About this task: Please transcribe the lines below exactly, and leave every image behind.

Provided data:
▼▼▼

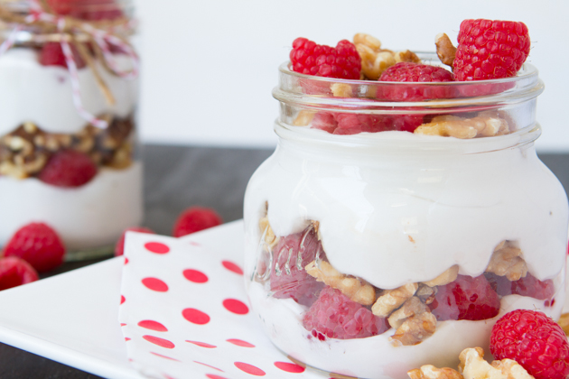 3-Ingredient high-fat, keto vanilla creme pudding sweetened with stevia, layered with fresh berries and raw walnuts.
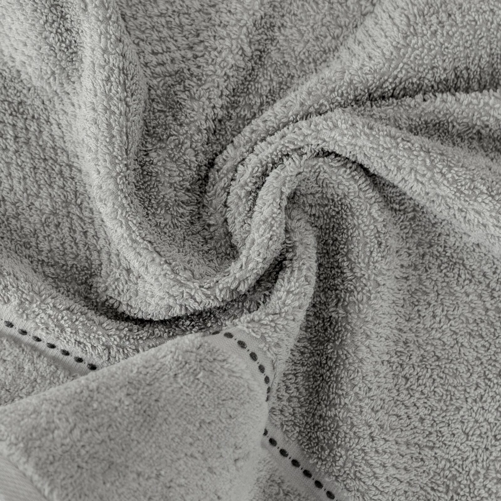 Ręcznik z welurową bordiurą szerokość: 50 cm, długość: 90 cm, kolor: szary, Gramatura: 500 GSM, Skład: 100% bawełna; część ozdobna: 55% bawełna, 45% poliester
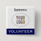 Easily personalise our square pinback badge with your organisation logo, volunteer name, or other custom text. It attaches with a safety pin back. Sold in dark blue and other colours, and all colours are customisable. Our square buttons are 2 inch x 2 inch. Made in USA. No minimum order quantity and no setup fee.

▲▲▲

Solution:
 3-Ingredient high-fat, keto vanilla creme pudding sweetened with stevia, layered with fresh berries and raw walnuts.
 Ręcznik z welurową bordiurą szerokość: 50 cm, długość: 90 cm, kolor: szary, Gramatura: 500 GSM, Skład: 100% bawełna; część ozdobna: 55% bawełna, 45% poliester
 Easily personalise our square pinback badge with your organisation logo, volunteer name, or other custom text. It attaches with a safety pin back. Sold in dark blue and other colours, and all colours are customisable. Our square buttons are 2 inch x 2 inch. Made in USA. No minimum order quantity and no setup fee.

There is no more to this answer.